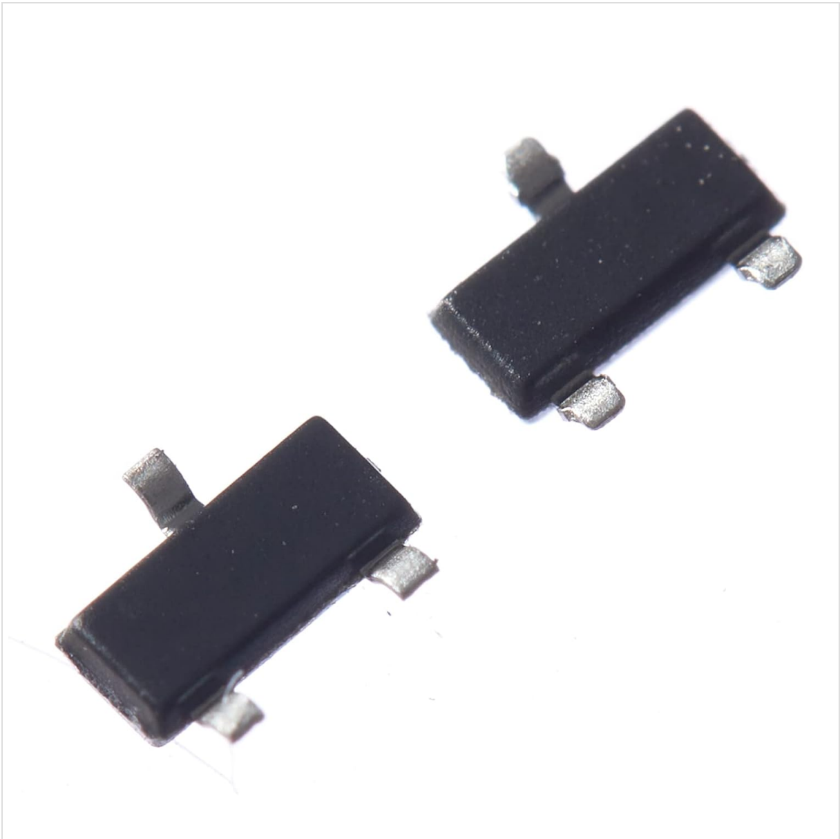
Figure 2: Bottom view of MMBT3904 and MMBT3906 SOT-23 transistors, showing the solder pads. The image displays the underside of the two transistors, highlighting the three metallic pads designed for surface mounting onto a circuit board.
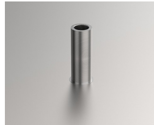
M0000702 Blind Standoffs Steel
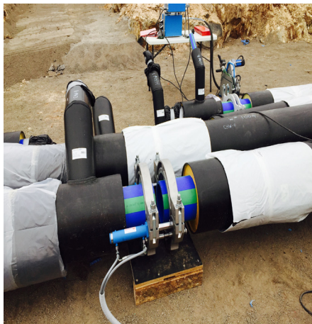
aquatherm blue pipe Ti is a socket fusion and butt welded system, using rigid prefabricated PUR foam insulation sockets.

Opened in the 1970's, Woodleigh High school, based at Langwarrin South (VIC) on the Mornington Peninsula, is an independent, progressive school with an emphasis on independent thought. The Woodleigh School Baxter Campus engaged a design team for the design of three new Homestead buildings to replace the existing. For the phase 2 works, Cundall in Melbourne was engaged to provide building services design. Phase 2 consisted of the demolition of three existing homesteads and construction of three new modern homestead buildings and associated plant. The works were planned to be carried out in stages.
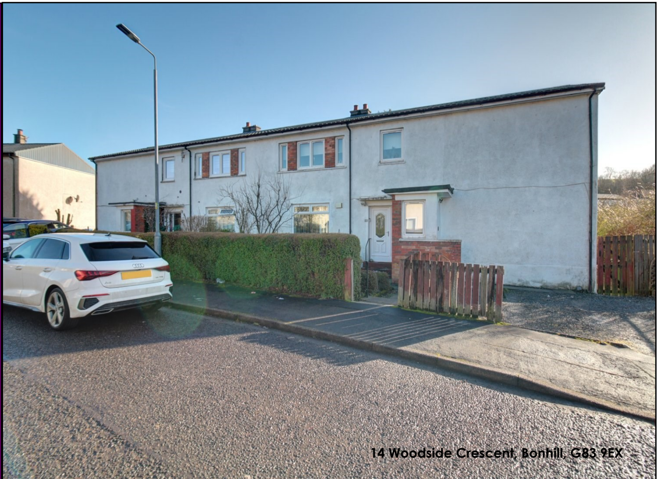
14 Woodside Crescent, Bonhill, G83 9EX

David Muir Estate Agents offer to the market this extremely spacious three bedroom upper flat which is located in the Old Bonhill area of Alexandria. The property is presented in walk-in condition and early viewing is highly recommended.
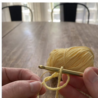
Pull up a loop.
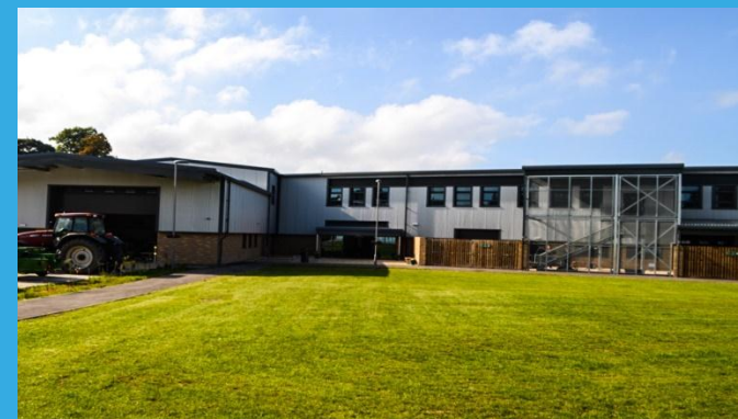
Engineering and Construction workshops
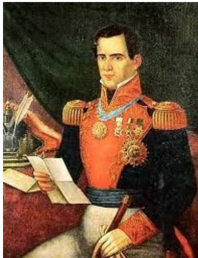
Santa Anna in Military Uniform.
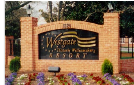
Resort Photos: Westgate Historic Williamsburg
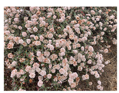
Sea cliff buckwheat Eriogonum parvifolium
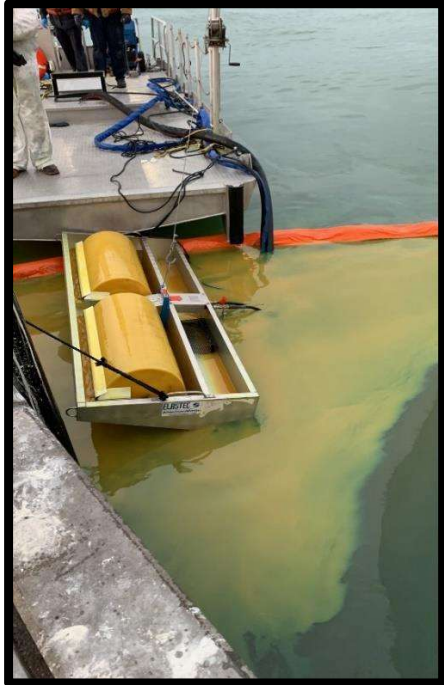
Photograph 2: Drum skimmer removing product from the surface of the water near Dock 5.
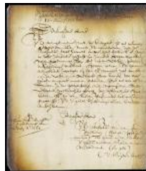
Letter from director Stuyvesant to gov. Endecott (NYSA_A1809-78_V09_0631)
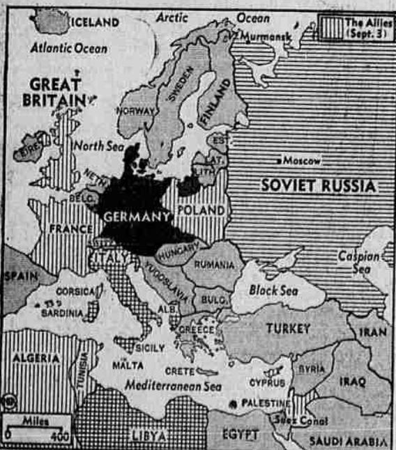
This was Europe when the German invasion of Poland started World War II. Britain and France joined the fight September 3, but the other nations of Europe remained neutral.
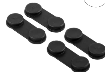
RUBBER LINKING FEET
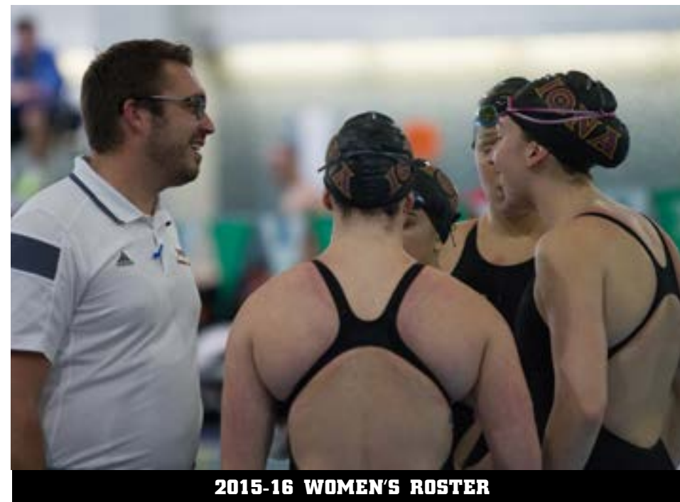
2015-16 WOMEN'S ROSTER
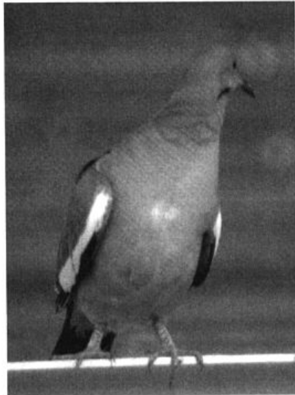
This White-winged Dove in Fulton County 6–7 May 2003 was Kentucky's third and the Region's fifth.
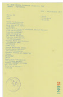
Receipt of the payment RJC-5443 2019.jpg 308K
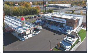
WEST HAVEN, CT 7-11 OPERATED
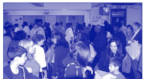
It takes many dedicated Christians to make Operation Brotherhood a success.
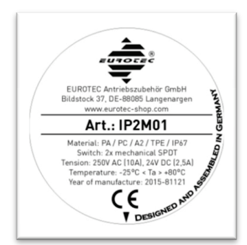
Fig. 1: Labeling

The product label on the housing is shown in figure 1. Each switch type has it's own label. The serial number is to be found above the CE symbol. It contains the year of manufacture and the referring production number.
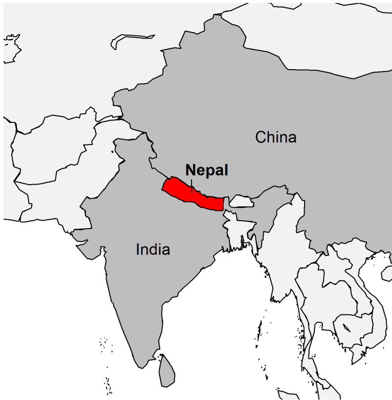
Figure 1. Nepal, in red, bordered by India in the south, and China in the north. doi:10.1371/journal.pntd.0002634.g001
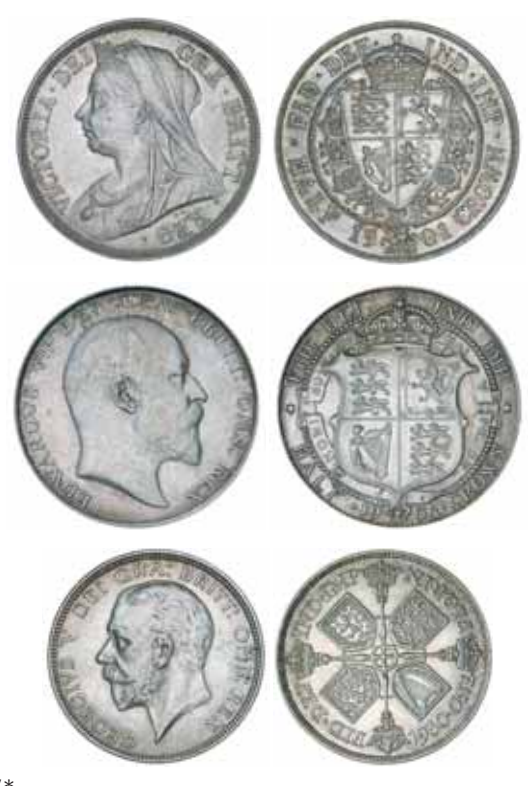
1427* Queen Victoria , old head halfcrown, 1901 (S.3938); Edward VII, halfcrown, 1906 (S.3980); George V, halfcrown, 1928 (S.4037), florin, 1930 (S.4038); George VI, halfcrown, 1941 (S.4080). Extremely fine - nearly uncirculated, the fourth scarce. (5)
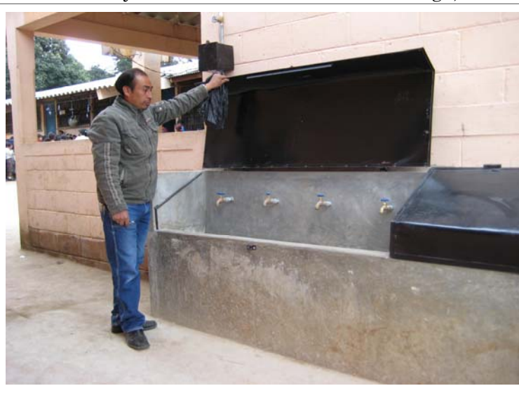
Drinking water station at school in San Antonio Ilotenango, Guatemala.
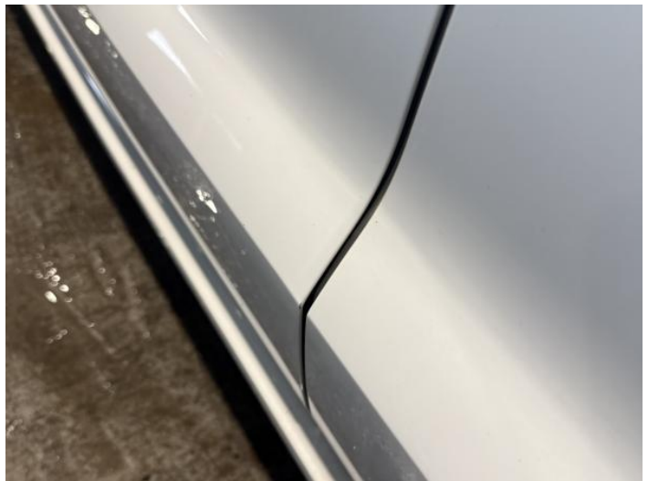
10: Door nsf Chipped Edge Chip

Instructions to follow. Your output should consist solely of the lines from the line containing "Drinking water station" through the end of the data above, copied exactly, with images removed.

Result for this exercise.
Drinking water station at school in San Antonio Ilotenango, Guatemala.
10: Door nsf Chipped Edge Chip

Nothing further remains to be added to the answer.